At the same time, we have been seeing steady returns on large investments made in the past to expand production capacity, particularly in terms of rising sales volume of flat-rolled aluminum for can stock produced by UACJ (Thailand) and Tri-Arrows Aluminum. Due to the impact of COVID-19, however, we expect UACJ (Thailand) to post lower sales in fiscal 2020 than initially forecasted, and then return to forecasted levels in fiscal 2021. Both subsidiaries are implementing structural reforms according to plan, so I am confident they will contribute to achieving our ordinary income targets.
Meanwhile, we have been taking decisive steps to withdraw from non-profitable and non-core businesses. Most recently, we decided to close down two factories operated by UACJ Metal Components Corporation in the cities of Fukaya and Osaka, and to withdraw from an extruded aluminum parts joint venture in Indonesia.
Finally, with a view to improve corporate governance and management, we revised our remuneration system for directors, which included adopting total shareholder return as an indicator for performance-linked compensation.
Such measures to improve the Group’s structure and organization have resulted in one-time structural reform expenses over the past year, but we expect the reforms to produce results going forward. The reforms are currently proceeding according to plan, and we believe they will contribute ¥3.0 billion to profits in fiscal 2020. Indeed, regardless of when the COVID-19 pandemic comes to an end, I am confident that our structural reform measures will be carried out as planned and lead to solid results in the future.
Fiscal 2020 forecast and dividends
We believe that the COVID-19 pandemic will have a prolonged impact on the Group’s operating environment. Accordingly, the same trends and results in the first half of fiscal 2020 can be expected to continue through to the end of the fiscal year in March 2021. Specifically, we foresee favorable sales volume of flat-rolled aluminum for can stock overseas along with aluminum foil and materials for IT-related devices in Japan, but declining sales volume of can stock, auto parts, and general-purpose materials in Japan. Having taken these factors into account, our forecast of fiscal 2020 consolidated financial results includes net sales of ¥550.0 billion, an operating loss of ¥3.5 billion, and an ordinary loss of ¥3.5 billion. We also forecast a net loss attributable to owners of the parent of ¥9.5 billion, mainly due to one-time expenses associated with the structural reforms.

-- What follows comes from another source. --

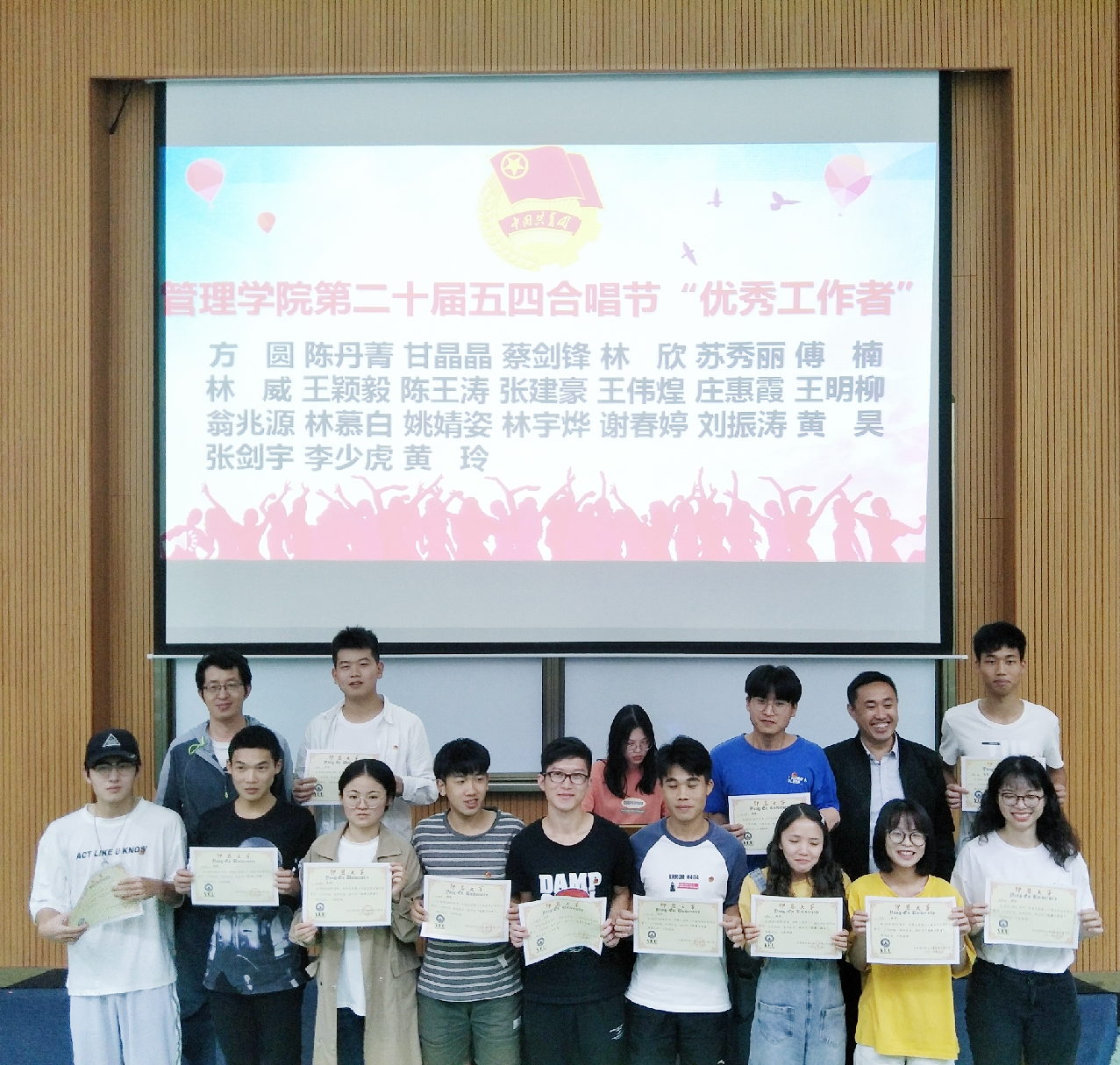 颁奖 大会首先由副院长庄海刚致开场词,后由学院领导、老师为获得“泉州市2018年度五四红旗团支部和优秀共青团员”、“beat365官方网站2018年度五四红旗团委、五四红旗团总支、五四红旗团支部、优秀共青团干部和优秀共青团员”、“beat365官方网站2018年度优秀共青团干部和优秀共青团员”、“第二十届五四合唱节beat365官方网站优秀工作者和优秀个人”等先进集体与个人颁奖。大会现场,掌声不断。

Such results would be very disappointing, of course, and I sincerely regret to say that based on this forecast, management decided to not pay dividends in fiscal 2020. Nevertheless, we are determined to resume dividend payments as soon as possible by quickly rebuilding the Company’s earnings base and improving its financial structure.
- 1. Net income (loss) attributable to owners of the parent
- 2. Operating income + depreciation and amortization + amortization of goodwill – inventory valuation
Toward that end, in the second half of this fiscal year, the UACJ Group will continue to carry out the structural reforms and aim to promptly capture demand for aluminum auto parts, which has been picking up following a steep decline.
The Group is united in its efforts to overcome these challenging times and fulfill its responsibility to stakeholders. As all of us work toward these ends, we ask for their continued understanding and support.